Code review isn't slow because humans type slowly. It's slow because understanding context takes time. Reading the related code, understanding the business logic, thinking through edge cases - none of this can be rushed.
AI tools optimise for fast feedback. Developers optimise for getting code merged. The combination produces code that passes automated checks but doesn't actually work correctly.
Economics
Companies buy AI code review tools for two reasons:
To reduce headcount - fewer senior engineers needed if AI does code review
To ship faster - remove the bottleneck of waiting for human reviewers
Both reasons directly conflict with code quality. You're replacing experienced judgment with pattern matching, and adding pressure to merge quickly.
The incentives are clear: vendors sell speed and cost reduction, companies buy those metrics, and code quality suffers. Nobody's incentive is aligned with "catch more bugs."
What Works
The solution isn't better AI code review. It's better human code review.
Pair programming - real-time review catches issues before they're even committed
Small PRs - easier to review thoroughly, less likely to hide bugs
Domain expertise - reviewers who understand the system, not just the syntax
Accountability - reviewers whose names are attached to what they approve
Time - allowing reviewers to actually think through the changes
None of these scale as well as AI code review. That's the point. Code review shouldn't scale. If you're merging so much code that human review is a bottleneck, you have a process problem, not a tooling problem.
The Truth
AI code review tools exist because companies want to ship faster with fewer experienced engineers. The tools work well enough to justify the purchase, but not well enough to actually improve code quality.
What you get is:
Junior developers who think the AI caught all the issues
Senior developers who ignore the AI because of alert fatigue
Management who sees "100% of PRs reviewed by AI" as a quality metric
Production incidents that would have been caught by a human reviewer
The feedback loop ensures this gets worse over time. AI-approved code trains the next version of the AI. Bad code becomes the baseline.
What I Do
I don't use AI code review tools on projects I care about. I use:
Linters - for style and simple pattern matching (what AI code review actually does well)

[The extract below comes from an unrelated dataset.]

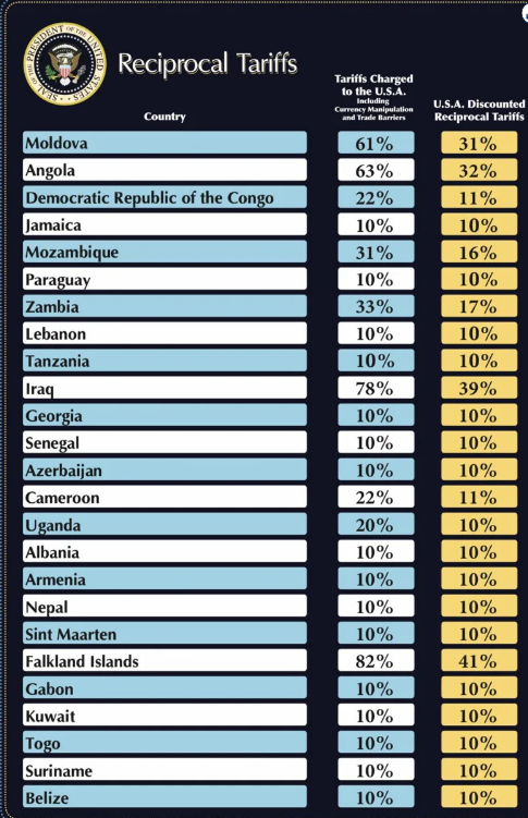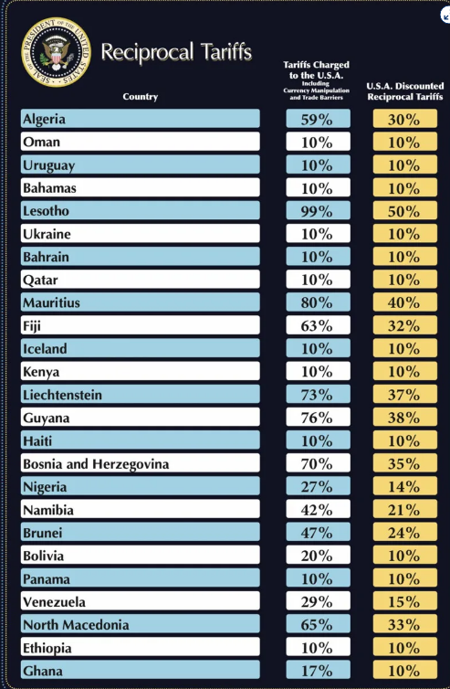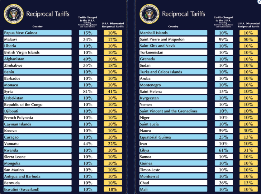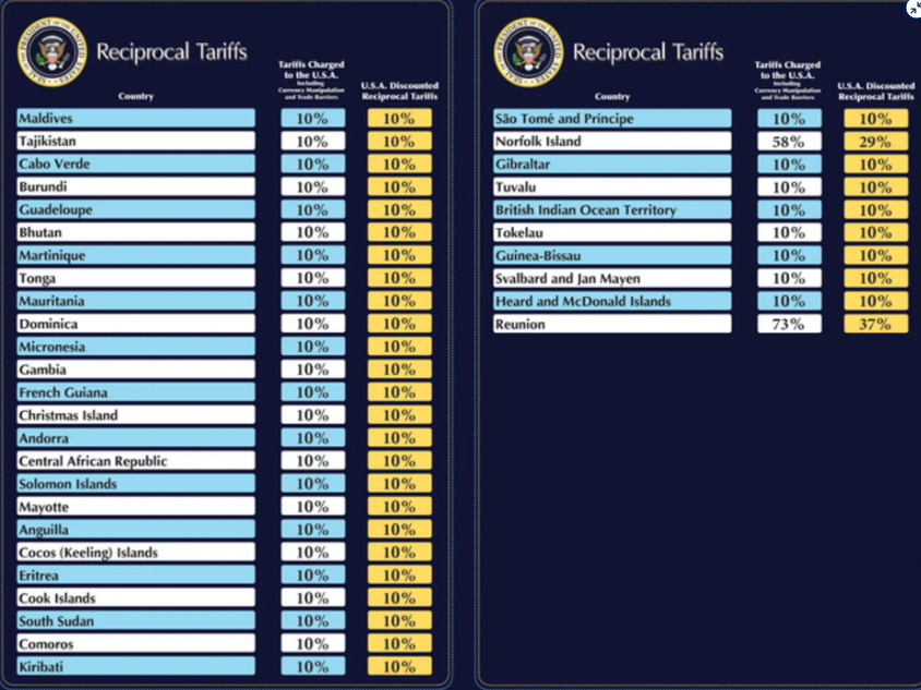 Trên đây là Danh sách 180 nước Mỹ áp thuế đối ứng ngày 2 4 2025? Những nước nào chịu thuế đối ứng từ Mỹ?

Static analysis - language-specific tools that understand semantics, not just syntax
Human reviewers - people who understand the system and business logic
Tests - including the weird edge cases AI tools never think to check
Is it slower? Yes. Does it catch more bugs? Absolutely.
The industry has spent the last decade optimising for development speed. We've gotten very fast at shipping bugs to production. Maybe it's time to optimise for correctness instead.
Final Thoughts
AI code review isn't useless. It's worse than useless - it creates the illusion of thorough review while making it easier to ship bad code.
The problem isn't the technology. It's that the technology is being used to replace judgment with pattern matching, and accountability with automation.
Companies don't want to admit they're using AI code review to cut costs and ship faster. They frame it as "augmenting" human reviewers. In practice, it's replacing them. And the code quality shows it.
The fix requires admitting that code review is valuable because it's slow and thoughtful, not despite it. AI tools optimised for speed and cost will never provide the same value as a senior engineer who actually understands the system.
But that requires paying senior engineers and accepting slower ship times. So instead, we'll keep using AI code review, keep shipping bugs, and keep wondering why code quality is declining.
The tools aren't making code better. They're just making it easier to pretend we reviewed it.